Thirdly, there is what I am calling the lens of social cohesion. Society is not entirely homogeneous; it is a patchwork of groups. Whilst the groups overlap, the interests and values of one group rarely coincide wholly with those of another. Peaceful co-existence depends upon how far the groups trust each other. Trust depends on perceptions. In the midst of a national emergency, a group’s decisions on whether or not to obey the law, or to follow official health guidelines, will be noticed and may have long-term repercussions for the public standing of that community. The Canadian pastors, for example, risked being stigmatised as dangerous cranks. A decision to ignore a policy that everyone else considers vital might even spell the end of a faith community. In the interests of social cohesion, therefore, it may be advisable to conform to public expectations to some degree. However, this would be a conscious and provisional choice, not a matter of ‘blindly following the herd’, as we will see more fully when we reach my fourth principle (in Part Two of this essay).

Finally, but crucially, a community can hardly be expected to forget the ‘lens’ proper to its faith. For most religious groups, regular meetings are an important aspect of their practice. For Christians, for instance, salvation is found ‘in the church’, which means, as Luther put it, ‘the company of believing people’. We Buddhists, for our part, have kalyana mitrata — meaning ‘spiritual friendship’, ‘beautiful friendship’, or ‘association with the good’. The Buddha described kalyana mitrata as no less than ‘the whole of the spiritual life’. The founder of my own Buddhist fellowship was Urgyen Sangharakshita, whose name meant ‘the guardian of the spiritual community’. True to his name, he strongly emphasised the vital importance of regular and frequent contact with friends in the Dharma.

In the age of the Internet, it may seem unnecessary to come together in person. But in the recent pandemic, did online conferences offer an adequate substitute for face-to-face meetings, or just a palliative? Few people, if any, truly rejoiced in the temple of Zoom, while some found it so uncongenial they refused to cross the threshold at all. To be gathered physically in one special place is a powerful practice. It detaches us from the cosy distractions of home, and helps focus our thoughts on what is of ultimate importance. It generates elevated emotions that carry us towards our spiritual goal. When we are face to face, eyes can meet, and each participant can witness the interactions among the others. In particular, devotional and ritual activities call for physical presence in a shared and dedicated space.

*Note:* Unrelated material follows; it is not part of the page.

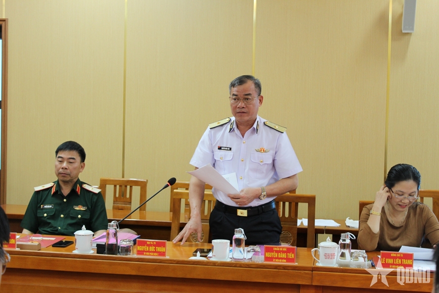 | Chuẩn đô đốc Nguyễn Đăng Tiến, Chính ủy Vùng 3 Hải quân, ủy viên Hội đồng khoa học nhận xét, đánh giá kết quả nghiên cứu đề tài. |

Beyond this, there is another policy consideration that is specific to the context of a Buddhist community. The path to liberation involves seeing directly into the nature of reality. That reality includes serious illness and death. Of course, that does not mean actively seeking them out. Buddhism does not advocate reckless behaviour or self-destructive asceticism. Those who know themselves to be vulnerable to a disease — whether on the grounds of age, health or occupation — are surely right to take reasonable measures to protect themselves. Likewise, governments are surely right to provide guidance and resources to help them do so, provided this is done with due regard to the likely balance of human costs and benefits.

For Buddhism, the ultimate refuge from danger is not found in striving to make the world perfectly safe

But life is a dangerous business. For Buddhism, the ultimate refuge from danger is not found in striving to make the world perfectly safe. In his classic ‘The Way of the Bodhisattva’, the Buddhist poet Shantideva asks, ‘Where would I find enough leather to cover the entire surface of the earth? But with leather soles beneath my feet, it is as if the whole world has been covered.’6This reminds us that, if Buddhism does not advocate recklessness, it does nevertheless prescribe the development of a resilient mind, less susceptible to fear. In his search for Enlightenment, Siddhartha Gautama sought out jungle solitudes where he strove to overcome fear. Even after attaining Buddhahood, he sometimes withdrew to the wild. Following his example, the wandering forest monks of Thailand carried the practice into the modern era, venturing alone into the jungle, fully mindful of its hardships and hazards. And indeed, there were some who never came back.7

What should western Buddhists make of this? Should we dismiss it as an outdated folly, incompatible with best practice on health and safety? And if we do not dismiss it, where in our practice do we show a corresponding resilience, whether in relation to Covid or anything else? Perhaps, in the final analysis, these are questions that one can only answer for oneself. But in the case of Covid, a more objective question presents itself. Did governments and public health authorities exaggerate the dangers of the disease — whipping up fear to an unnecessary and counterproductive degree? There is evidence that they did.8

Here then are four lenses — public health, economics, civil liberties, social cohesion — through which policy makers should view their task during a crisis like Covid. Depending on which lens we prioritise, our policy choices may vary substantially. And for a faith community, there is also a fifth lens: the specific perspective derived from its own teachings. The way we choose to take account of the first four lenses will be influenced by our conception of what precisely our faith community has to offer the world.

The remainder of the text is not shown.